I Blame The Music: Lias Saoudi’s Baker’s Dozen | Page 12 of 14 | The Quietus

Baker's Dozen

Artists discuss the 13 records that shaped their lives

11. Mythical Kings And Iguanas

As far as I’m concerned this is arguably the greatest lyric ever written. I understand that’s a bold claim. What about Bob? And Leonard? Well, this one allows you to feel like you’ve just stepped inside someone’s head. No poetic swordsmanship, no symbolist deviation, just pure and absolute intimacy. In a way it reminds me of Thomas Bernhard. It’s almost sickening, this inner monologue, the sheer inanity of it, the banal desperation, sickening because it’s so horrifically close to home: what am I supposed to do with all of this empathy!? We wrote a response to this song for Fat Whites called ‘When I Leave’. For the lyric I tried to imagine the inner workings of her masculine counterpart, an oblique desperado of the Ed Dorn ‘Gunslinger’ variety, a caustic acid cowboy with a marauding imagination.
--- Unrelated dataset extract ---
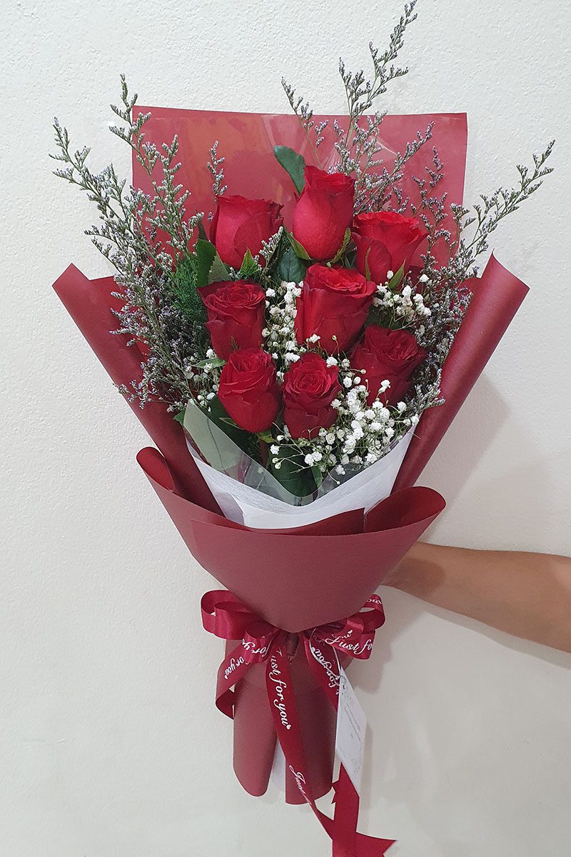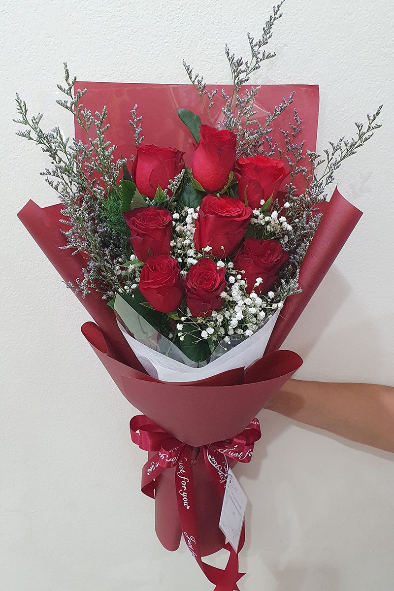 ช่อดอกกุหลาบสีแดง 8 ดอก

One hundred young men at once, through his laughing eyes her whole world wheels and flutters; a shadow pickler, it’s all just pantomime to him, her body nothing more than a finely gilded boredom. In interviews I called it a ‘requiem for the patriarchy’. I’m not even really sure what I meant by that, it sounded kind of catchy and vaguely antagonistic. I was just keen on attaching myself to this masterpiece in some way.